My colleagues and I have noted repeatedly over the past couple of years that the National Labor Relations Board takes a very expansive view of the National Labor Relations Act, even (and perhaps especially) when the case does not involve a union or any union activity at all. Recently, an NLRB Administrative Law Judge issued a decision that reminded employers again of that fact. This time, the decision touched on our favorite topic here on the blog, wage and hour. The ALJ found that a restaurant waiter who had filed a lawsuit against his employer claiming violations of the FLSA and state wage and hour laws had engaged in protected, concerted activity protected by the NLRA.
Under the NLRA, employees are protected from retaliation for engaging in activities that are protected by the NLRA if the employees act “in concert” rather than in pursuit of their own interests. In this case, the restaurant had terminated the waiter on the same day it received a copy of the employee’s wage and hour lawsuit in the mail. Terminating the waiter for filing a wage and hour lawsuit creates its own set of problems under federal and state wage and hour laws. However, by terminating the waiter, the restaurant brought itself another one: an unfair labor practice charge before the NLRB.
The ALJ’s Decision
The NLRB’s ALJ addressed whether the restaurant terminated the waiter for engaging in “protected, concerted activity” under the NLRA or whether he was fired for something he did for himself only (filing a wage and hour lawsuit). The ALJ had no problems finding that a wage and hour lawsuit is protected under the NLRA. He found that whenever an employee filed a lawsuit “relating to wages,” that employee is engaged in protected activity. However, is filing a lawsuit where you are the only named plaintiff a “concerted activity within the meaning of Section 7” of the NLRA, or is it “acting solely in pursuit of [your] own interests?” On its face, this seems like an easy issue: the employee filed a lawsuit by himself. No concerted activity, right? Wrong (at least according to the ALJ). The ALJ concluded that although the waiter acted alone, the complaint stated that he had filed his lawsuit “on behalf of a class of similarly situated employees who work or have worked at the [restaurant] over a three year period of time,” and that, even though the waiter did not name any other employee and no other employee was aware of the lawsuit, it “could be argued that [the waiter] sought ‘to initiate or to induce or to prepare for group action.’” The ALJ assumed that when the restaurant read the complaint, it had then assumed that the waiter was acting along with others who could later join the collective action.

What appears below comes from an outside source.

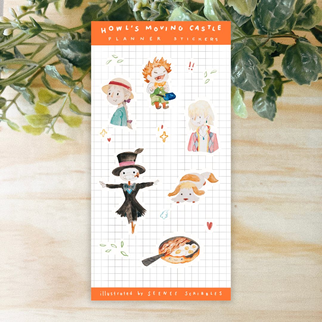 Inspired by my love for all things Studio Ghibli, this sticker sheet features some of the best characters and items from Howl's Moving Castle, each sticker carefully hand-painted using watercolor then printed in-house. It is perfect for bullet journaling and scrapbooking. Don't forget to check out my other Studio Ghibli-inspired products as well!

The ALJ recommended that the restaurant reinstate the waiter with full back pay and no loss of seniority and that the employer post a notice for employees that they have the right to “file lawsuits on behalf of themselves and others relating to their wages or other terms and conditions of employment.” While the decision could be changed by the NLRB itself (though such an outcome is unlikely) and carries on precedential value, the decision should remind employers that the NLRB’s aggressive outreach extends far beyond union activity. Even non-concerted activity, such as an individual wage and hour lawsuit, could be viewed as “concerted activity.” Employees can seek recourse for retaliation or violations before the friendly NLRB just as easily as they can in the courts.